Input:
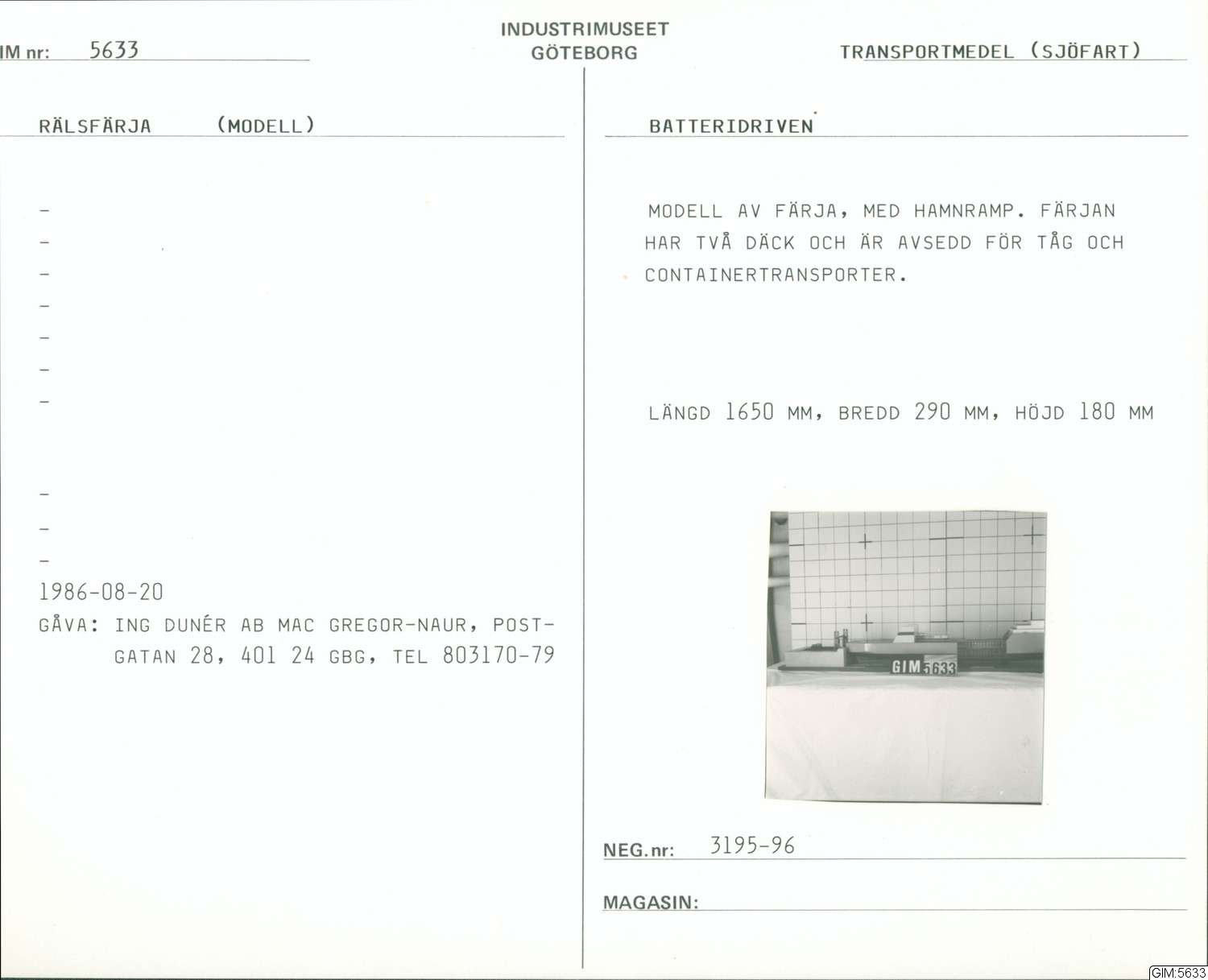 Modell av färjan med med hamnfärjeramp. Färjan har två däck och är avsedd för tåg och containertransporter.
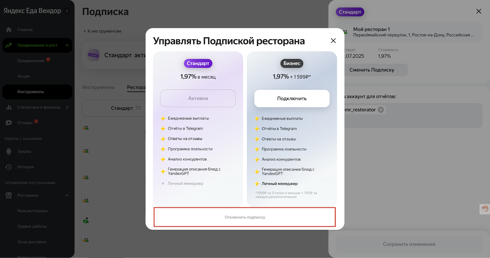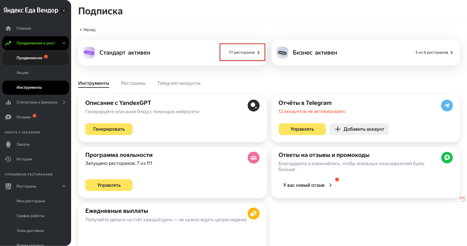 - доплата: +700 ₽ в месяц — за каждый следующий ресторан, если к подписке будет подключено более трех ресторанов.
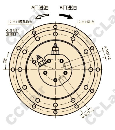 | 型 號 | 扭矩N.m | 轉速范圍r/min | 傳動(dòng)比 | 壓力Mpa | 總排量 | 液壓馬達 | 總重 | 適用機重ton | ||||
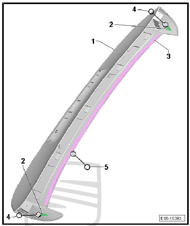 - Remove from the spoiler -1- all residual adhesive -2- and -3-.
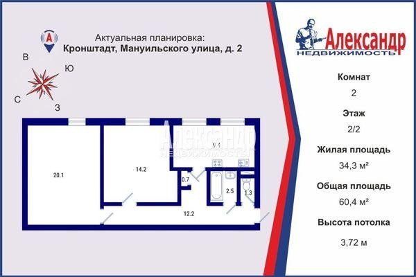 Продажа двух-комнатной квартире в Кронштадтском районе СПб. Площадь квартиры: 60.4 м2, жилая площадь: 34.3 м2, площадь кухни: 9.4 м2, 2/2 этаж. Цена 8 800 тыс. руб. Описание, информация о продавце.
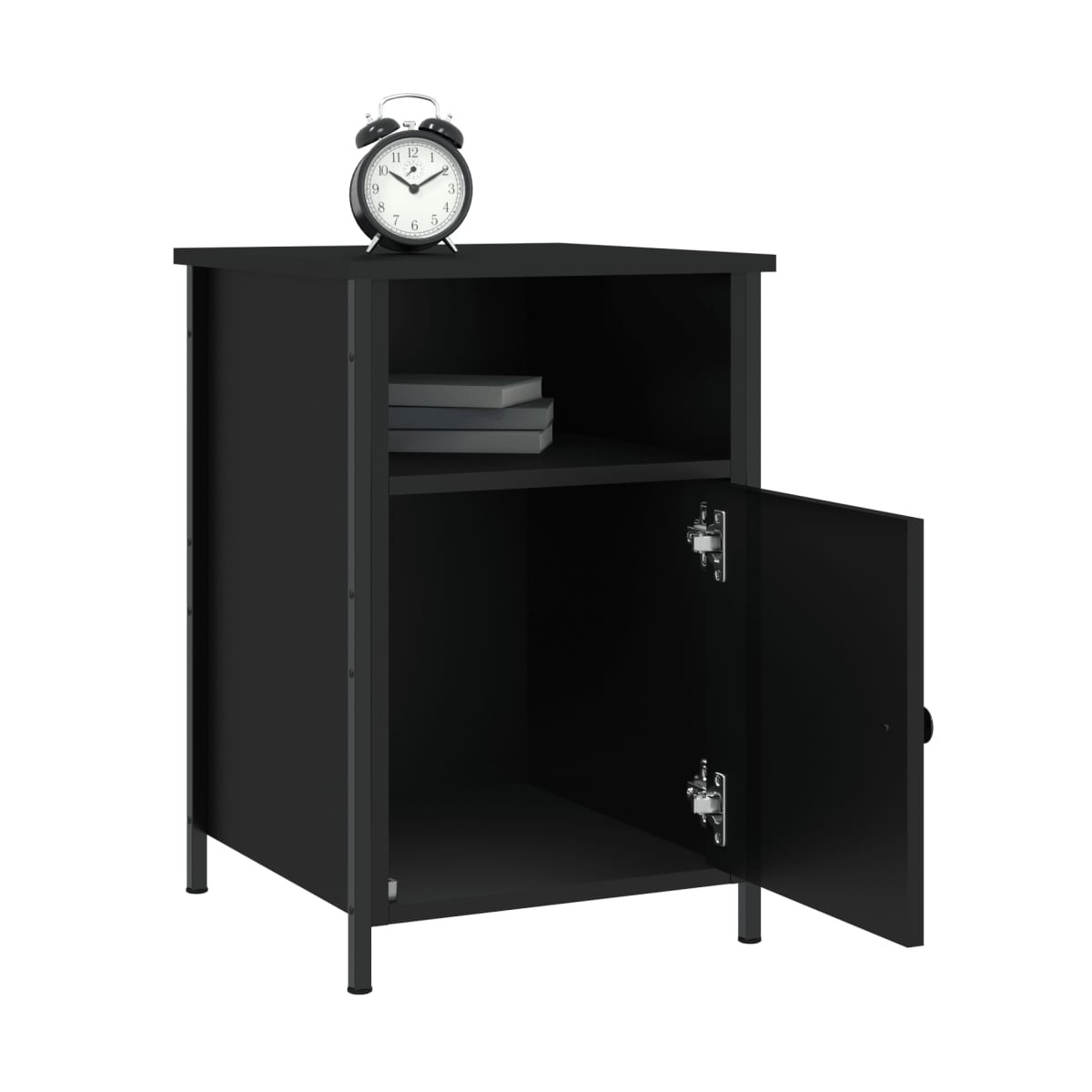 Estas mesitas de noche, con un diseño elegante, son un aporte atemporal para la decoración de tu hogar. Material duradero: La madera contrachapada tiene una calidad excepcional, con una superficie lisa y también cuenta con fuerza, estabilidad y resistencia a la humedad.Amplio espacio de almacenaje: El armario ofrece un amplio espacio de almacenamiento para mantener tus diversos artículos de uso diario bien organizados y al alcance.Tornillo regulable: Puedes ajustar la altura del tornillo negro de las patas con el fin de mantener estable la mesita de noche sobre suelos irregulares.Estructura robusta: Las estructuras de hierro garantizan la robustez y estabilidad del mueble auxiliar.Función expositora: También puedes colocar tus fotos favoritas, adornos o flores en la superficie de esta mesita de noche para alegrarte la vida. Advertencia:Para evitar que vuelque, este producto debe usarse con el dispositivo de fijación a la pared incluido.
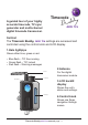 ddy Bu:mini trx Timecode A guided tour of your highly accurate timecode, TV sync generator and multi-channel digital timecode transceiver. ® Control The Timecode Buddy: mini trx settings are accessed and controlled using the control knob and LCD display. 1.Halo lightpipe Glows either blue, green or red. • Blue flash – T/C free running • Green flash – T/C locked • Red flash – Warning messages 2.Antenna Antenna Halo lightpipe For the digital transceiver module Control knob 3.

Exercise description:
Please reproduce the records above exactly, omitting every picture.

Answer to this task:
 Modell av färjan med med hamnfärjeramp. Färjan har två däck och är avsedd för tåg och containertransporter.
 - доплата: +700 ₽ в месяц — за каждый следующий ресторан, если к подписке будет подключено более трех ресторанов.
 | 型 號 | 扭矩N.m | 轉速范圍r/min | 傳動(dòng)比 | 壓力Mpa | 總排量 | 液壓馬達 | 總重 | 適用機重ton | ||||
 - Remove from the spoiler -1- all residual adhesive -2- and -3-.
 Продажа двух-комнатной квартире в Кронштадтском районе СПб. Площадь квартиры: 60.4 м2, жилая площадь: 34.3 м2, площадь кухни: 9.4 м2, 2/2 этаж. Цена 8 800 тыс. руб. Описание, информация о продавце.
 Estas mesitas de noche, con un diseño elegante, son un aporte atemporal para la decoración de tu hogar. Material duradero: La madera contrachapada tiene una calidad excepcional, con una superficie lisa y también cuenta con fuerza, estabilidad y resistencia a la humedad.Amplio espacio de almacenaje: El armario ofrece un amplio espacio de almacenamiento para mantener tus diversos artículos de uso diario bien organizados y al alcance.Tornillo regulable: Puedes ajustar la altura del tornillo negro de las patas con el fin de mantener estable la mesita de noche sobre suelos irregulares.Estructura robusta: Las estructuras de hierro garantizan la robustez y estabilidad del mueble auxiliar.Función expositora: También puedes colocar tus fotos favoritas, adornos o flores en la superficie de esta mesita de noche para alegrarte la vida. Advertencia:Para evitar que vuelque, este producto debe usarse con el dispositivo de fijación a la pared incluido.
 ddy Bu:mini trx Timecode A guided tour of your highly accurate timecode, TV sync generator and multi-channel digital timecode transceiver. ® Control The Timecode Buddy: mini trx settings are accessed and controlled using the control knob and LCD display. 1.Halo lightpipe Glows either blue, green or red. • Blue flash – T/C free running • Green flash – T/C locked • Red flash – Warning messages 2.Antenna Antenna Halo lightpipe For the digital transceiver module Control knob 3.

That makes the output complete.